**WHAT TO DO**
Transcribe every line from the one containing "Desde el colegio, en" through the end of the records below, exactly, but not the pictures.

+++ INFORMATION +++

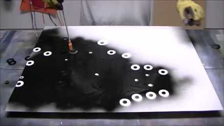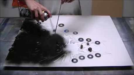 Usé algunas arandelas para pesar abajo la plantilla para el MDF, esto le ayudará a salir de las líneas de la pintura más claras. Como pinté solía un palillo para pisar diferentes secciones otra vez para tratar de crear una línea limpia. Una vez que terminé usé un imán para recoger las arandelas.
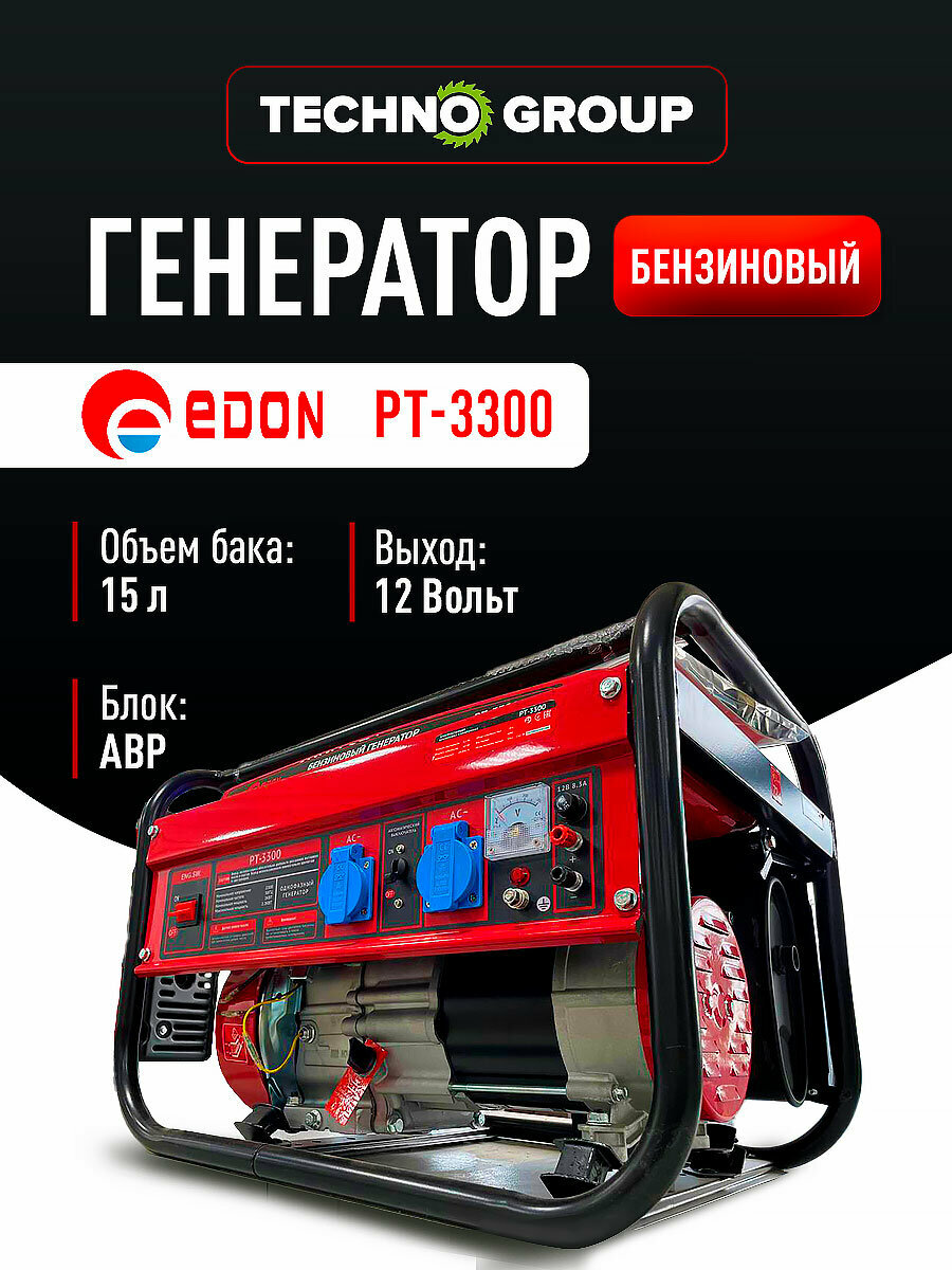 Бензиновый генератор EDON PT-3300, 3000/3300Вт, однофазный, 15 л
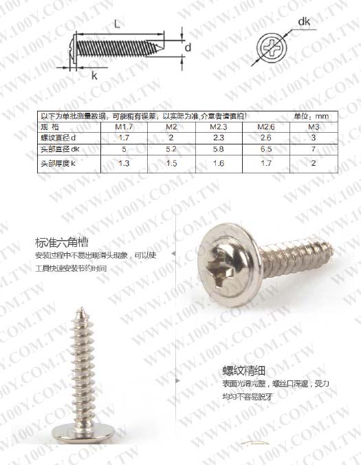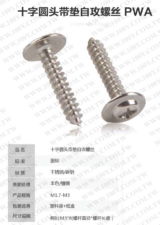圓頭附華司束尾十字 鍍鎳螺絲
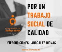 Desde el colegio, en pro de la defensa de los intereses de las/os profesionales de Trabajo Social, demandaremos una mejora de las condiciones laborales y, por tanto, de vida, que hagan cumplir los derechos en todos los contextos de la profesión.
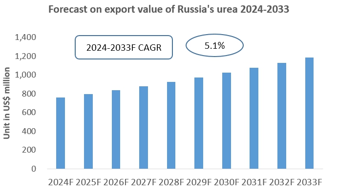 Chart Forecast for the Export of Urea in Russia (2024-2033)

+++

**OUTPUT**
 Desde el colegio, en pro de la defensa de los intereses de las/os profesionales de Trabajo Social, demandaremos una mejora de las condiciones laborales y, por tanto, de vida, que hagan cumplir los derechos en todos los contextos de la profesión.
 Chart Forecast for the Export of Urea in Russia (2024-2033)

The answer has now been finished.